8. April 2017, 21:58
"Magazin des Glücks", das ist ein gestohlener Titel, und ich schwöre, ich hätte ihn nicht gestohlen, wäre er nicht schon so oft von anderen gestohlen worden. Der geistige Diebstahl als Gewohnheitsrecht, und ich gebe weiters zu, dass die Wahl des Titels "Magazin des Glücks" in meinem Fall auch aus Ressentiment erfolgt, oder ins Positive gewendet: aus Protest. Ich protestiere ein wenig, also klein laut, gegen die auch nicht allzu laut vor sich gegangene Veranstaltung "Magazin des Glücks" bei den Salzburger Festspielen 2006. Nein, nein - was da Alexander Kluge als Veranstaltungsleiter unter diesem Titel "Magazin des Glücks" zusammengebracht hatte, das war schon großartig: ein intellektueller Zirkus, ein Zirkus von und mit Intellektuellen.

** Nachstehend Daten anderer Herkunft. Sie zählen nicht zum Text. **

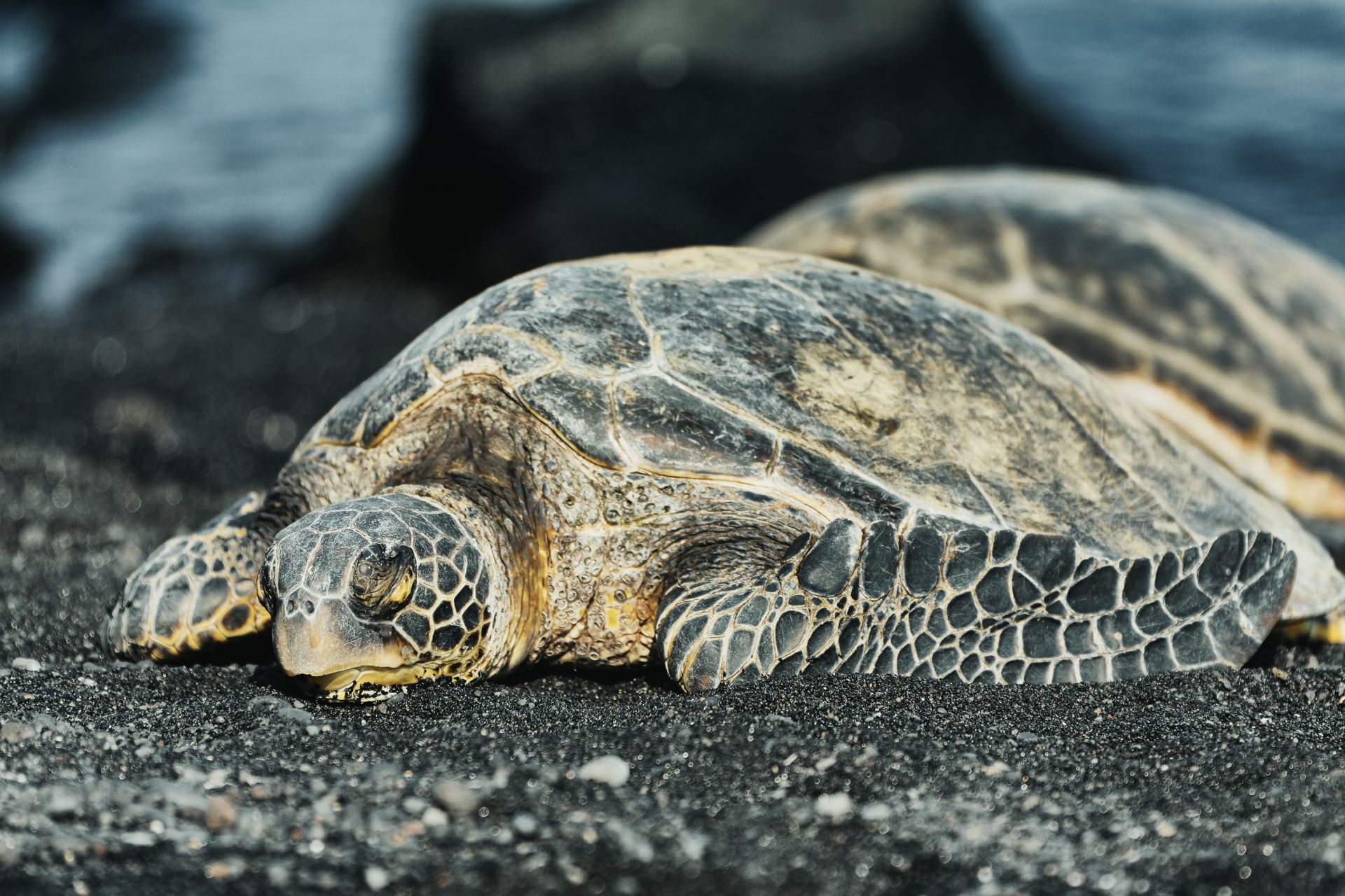 Punalu'u Beach ist ist ein schwarzer Sandstrand, an dem es die hawaiianischen 'Green Turtles' gibt. Und siehe da, es liegen tatsächlich ein paar im Sand und dösen in der Sonne.

Allein, diese Großartigkeit auf der Grundlage des gestohlenen Titels war erkauft, erkauft mit der Fälschung des Sinnes von "Magazin des Glücks" - "Magazin des Glücks", so hieß ursprünglich ein Fragment von Ödön von Horváth aus dem Jahre 1932; ein Fragment für einen Revue-Film, und in einem der Berichte aus Salzburg war von einem obskuren Ödön-von-Horváth-Fragment die Rede, so als ob erst Kluge mit seinem Salzburger Programm das Obskure von Horváth in einen Gebrauchswert verwandelt hatte.
Kluges Arbeitsprinzip, so hieß es betont werkstättentauglich, sei die Zerreißprobe: Kluge schöpfe ein obskures Ödon-von-Horváth-Fragment von 1932 - eben "jenes Magazin des Glücks" - aus dem Depot unabgegoltener Möglichkeiten: Was wäre gewesen, wenn Horváth tatsächlich mit Max Reinhardt und Zarah Leander einen Revue-Film gedreht hätte, kurz vor Machtergreifung der Nazis? "Die Verhandlungen im Grunewald liefen ja im Dezember '32 bereits auf Hochtouren."

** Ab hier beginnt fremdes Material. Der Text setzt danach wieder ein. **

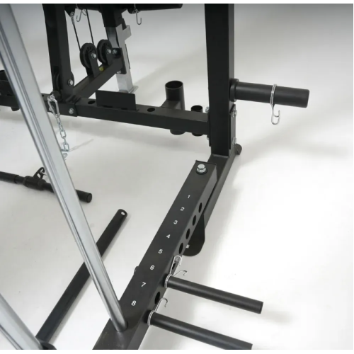 ✅ Регульовані страхувальні упори з UHMW-покриттям (17 рівнів висоти) гарантують безпеку навіть при тренуваннях з великими вагами.

Man sieht, was Kluge aus dem Horváth-Fragment gemacht hat: einen echten Kluge. Das Depot unabgegoltener Möglichkeiten ist Kluges Element, und ein bisschen verkörpert er damit das Katholischwerden, das Frommwerden der Kritischen Theorie. Ihrer frommen Fassung geht weniger nahe, wo der Teufel sitzt, ob nun im Detail oder im Großen und Ganzen.
Fromm geworden ist die Kritische Theorie damit befasst, wo der Teufel seine Lücke hinterlassen hat, wo man also rauskommt aus Systemzwang und Verblendung. Rettung droht von überall - so lese ich Kluges Evangelium. Auch gut - nur: "Magazin des Glücks" hat bei Horváth einen anderen, einen unverzichtbaren Sinn; Das Revue-Fragment ist eine höllische Satire auf Systemzwang und Verblendung, nämlich darauf, dass Gesellschaften wie die unsere mit größten Anstrengungen bis zur Selbstüberforderung und Selbstverblödung Illusionen von Glück erzeugen; fast jeder weiß, es sind nur Illusionen, aber man wird mit ihnen beliefert - in der heutigen Demokratie fast frei Haus, durch Film, Funk und Fernsehen, aber es gibt natürlich auch Glücksbereiche, in die kommt man bloß mit viel Geld hinein.
Horváths "Magazin des Glücks" ist eine in einem Haus untergebrachte Einrichtung, wo zahlende Gäste - zu einer Zeit, in der das Glück schwer zu finden ist - ihm begegnen können. Es gibt in dem Magazin vielerlei Zimmer, in denen das Glück wartet: zum Beispiel in Form von Kulissen fremder Länder, und am Ende gibt es sogar das Paradies. Das "Magazin des Glücks" ist die Umkehrung einer Geisterbahn, in der man den Schrecken genießt. Hier nur Gutes - draußen aber (und unter den Angestellten der Glücksbranche) ist der Schrecken Alltag.
Horváths Satire gilt den begütigenden Seiten der Kulturindustrie. Im Glücksmagazin werden die Besucher in einem Dressing-Room für die glücklichen Stunden vorbereitet: "Die zahlreichen Angestellten dieser Abteilung erfrischen die Besucher mit optimistischen Gesprächen und als Psychoanalytiker nehmen sie ihnen die Sorgen für ein paar Stunden ab und machen ihnen Mut und Hoffnung." Trost und Rat, und ganz wichtig ist es, dass einen das Glück nicht unvorbereitet trifft; sonst fällt man vor Glück in Ohnmacht oder wird vielleicht sogar unglücklich.